─── DATA BELOW ───
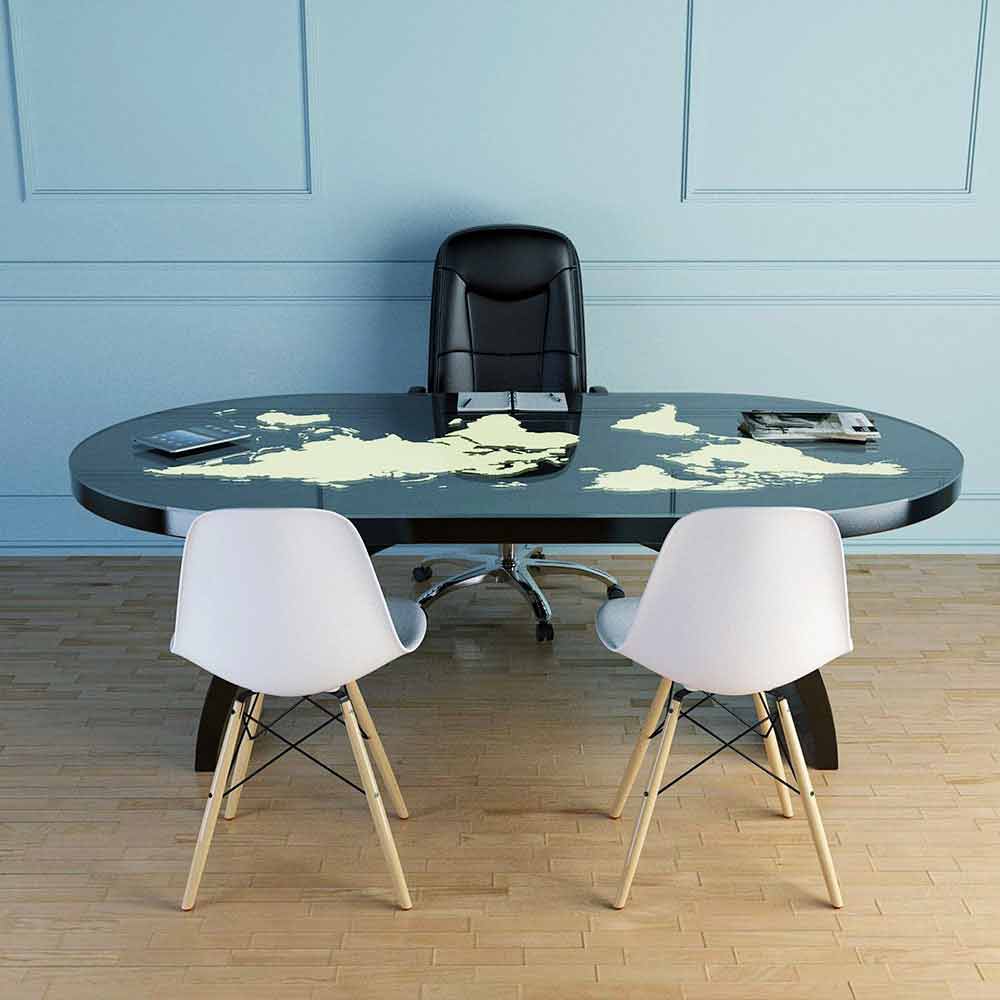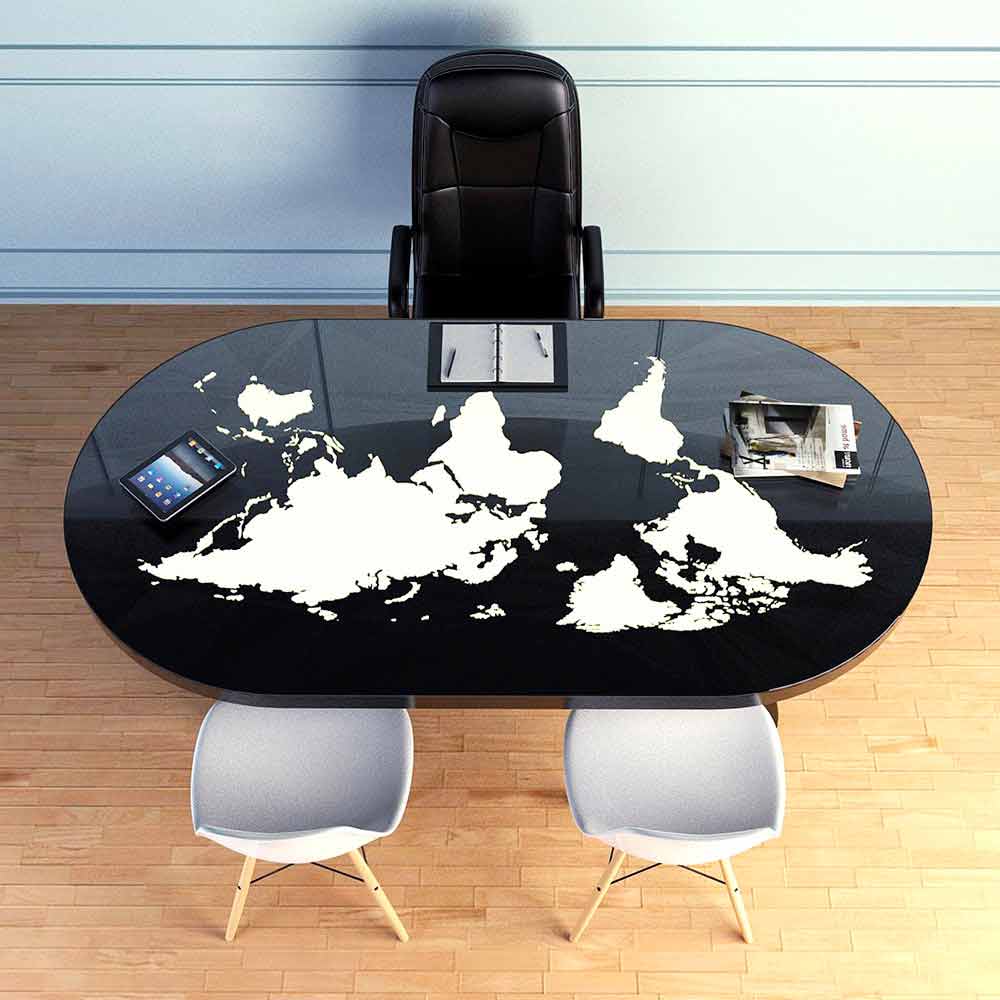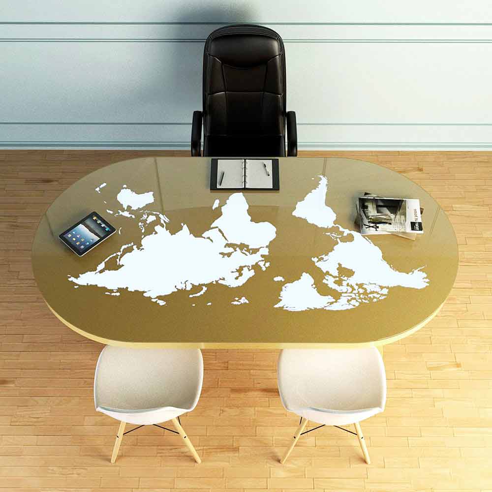Pontida es una mesa de escritorio con un diseño ultramoderno; Realizado en Solid Surface® y tapa de cristal donde está representado el mundo entero que, gracias a la presencia de LED, se ilumina y cambia de color según desees.
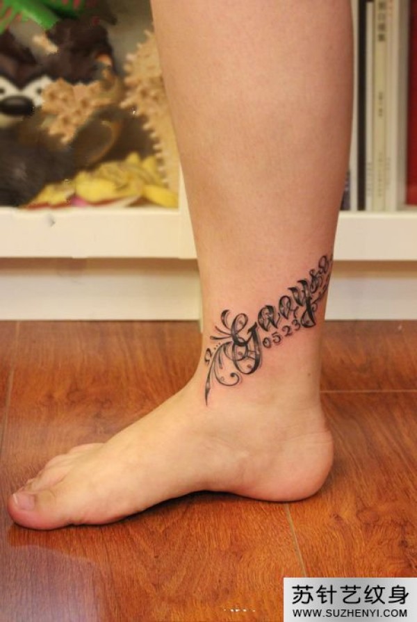 花体英文设计脚踝纹身_英文纹身图案大全_纹身图吧
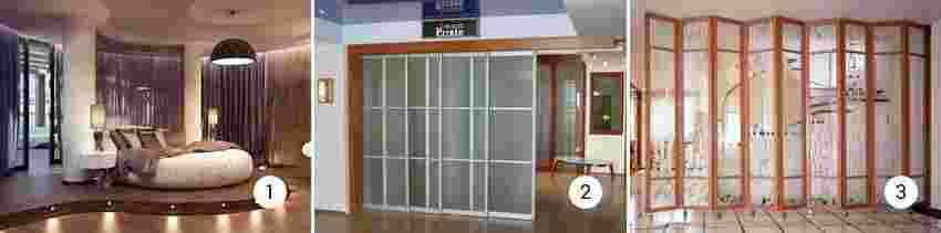- складные стеклянные перегородки. Различие заключается в точке фиксации полотна.
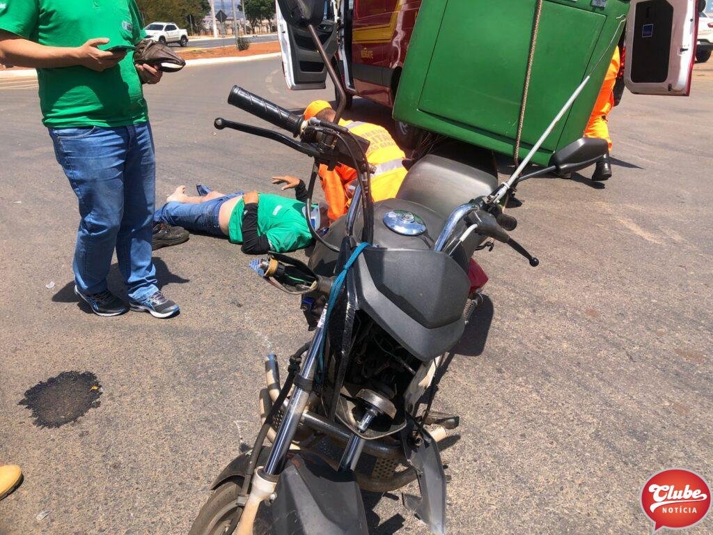 O motociclista perdeu o controle e caiu. Não há informação se ele teria atingido o carro.
───
(PROBLEM DETAILS): From the first line to the last, return the material above exactly, apart from the pictures.

(THE COMPLETED TASK):
Pontida es una mesa de escritorio con un diseño ultramoderno; Realizado en Solid Surface® y tapa de cristal donde está representado el mundo entero que, gracias a la presencia de LED, se ilumina y cambia de color según desees.
 花体英文设计脚踝纹身_英文纹身图案大全_纹身图吧
- складные стеклянные перегородки. Различие заключается в точке фиксации полотна.
 O motociclista perdeu o controle e caiu. Não há informação se ele teria atingido o carro.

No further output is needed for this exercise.